The Hauser Center for Nonprofit Organizations at Harvard University seeks to expand understanding and accelerate critical thinking about civil society among scholars, practitioners, policy makers and the general public, by encouraging scholarship, developing curriculum, fostering mutual learning between academics and practitioners, and shaping policies that enhance the sector and its role in society. The Hauser Center was established by Rita Hauser and her husband Gustave M. Hauser in 1997.

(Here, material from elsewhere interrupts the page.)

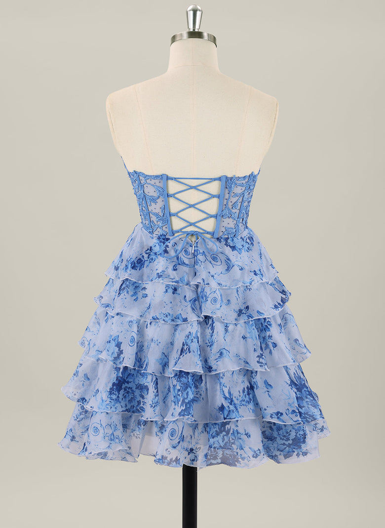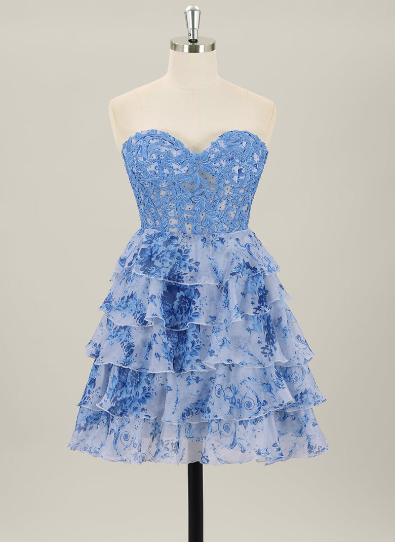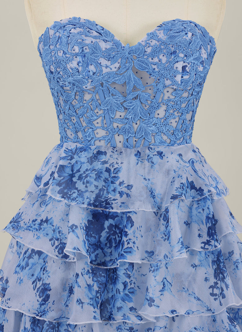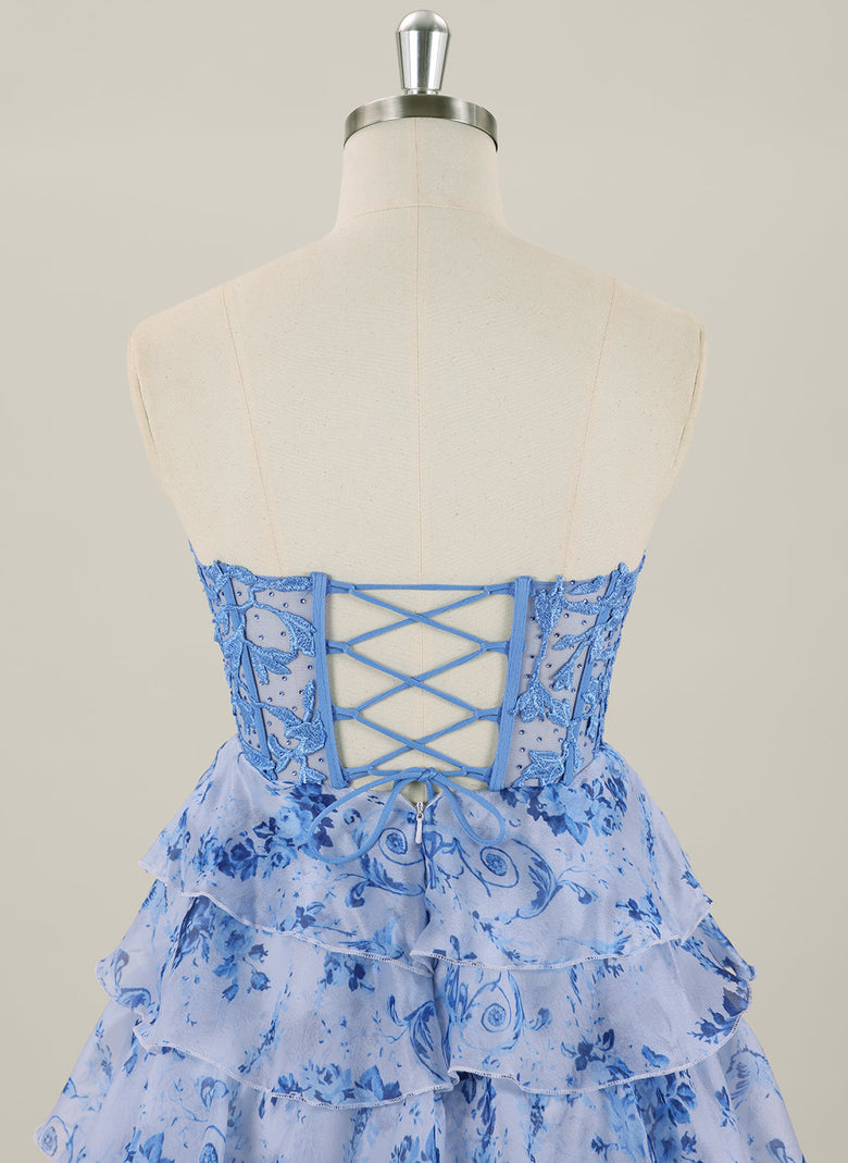 This elegant sleeveless homecoming dress features a delicate lace bodice that enhances its princess-style silhouette. Crafted with lightweight organza, the short skirt is adorned with graceful ruffles and an eye-catching ruffle tail, adding volume and movement. Perfectly tailored for comfort and style, this ball gown-inspired dress combines classic charm with a modern, youthful approach to formalwear. Ideal for homecoming events, it offers a refined look that stands out with intricate details and sophisticated design.

Located at the Harvard Kennedy School of Government, the Center's concerns include philanthropy, nonprofit organizations, voluntarism, and civil society. The Center provides an intellectual home for faculty, research fellows, visiting scholars, and students across the university who share interests in these topics. 
The Center hosts several regular seminars during the academic year on topics of interest to the nonprofit community as well as those that are part of the Center's research projects. It hosts special events beyond Harvard, such as the NGO Leaders Forum, a semi-annual retreat for chief executives of major U.S.-based international relief and development NGOs. It also brings leaders of nonprofit institutions to Harvard, such as its senior research fellows Jim Bildner, L. David Brown, Steven Lawry, Peter Bell, Jennifer McCrea, and Marion Fremont-Smith.

Programs and projects

The Hauser Center's programs and projects engage scholars and practitioners interested in the nonprofit field on a variety of topics. 
The Course on Exponential Fundraising  is an experiential learning course designed for a select group of nonprofit leaders who want to improve their organization's results and reshape the field of fundraising. The Course reconceptualizes fundraising as something that is not only mission critical, but a vehicle to fundamentally transform organizations and the people who are involved with them. 
The Humanitarian & Development NGOs program seeks to enhance the impact of the field by strengthening interactions between scholars and practitioners including the NGO Leaders’ Forum, the IANGO Workshp, NGO Leaders’ Seminar Series, Research, Blogs and Study Groups. 
The Justice and Human Rights program works with NGOs from the Global South who are responding to grave crimes and injustices in their countries and beyond. Projects connect these vital civil society actors to each other - and to expertise and resources at Harvard and beyond – to strengthen these NGOs’ ability to address real-time and emerging opportunities and challenges in the field. 
The Initiative for Responsible Investment examines fundamental issues and theories underlying the ability of financial markets to promote wealth creation across asset classes, while creating a stronger society and a healthier environment. 
The Initiative for Sustainable Arts in America is a three-year effort to strengthen the nation's arts infrastructure and develop a fact-based assessment of the sustainability of urban arts institutions across the country. 
The Nonprofits in China domain focuses on the key challenges facing the growing Chinese social sector, working to leverage Harvard's resources to convene scholars and practitioners in Chinese nonprofits, and to catalyze practical solutions and academic research on subjects related to nonprofits in China. 
Women in Informal Employment: Globalizing and Organizing (WIEGO) is a global research -policy network that aims to improve the status of the working poor, especially women, in the informal economy.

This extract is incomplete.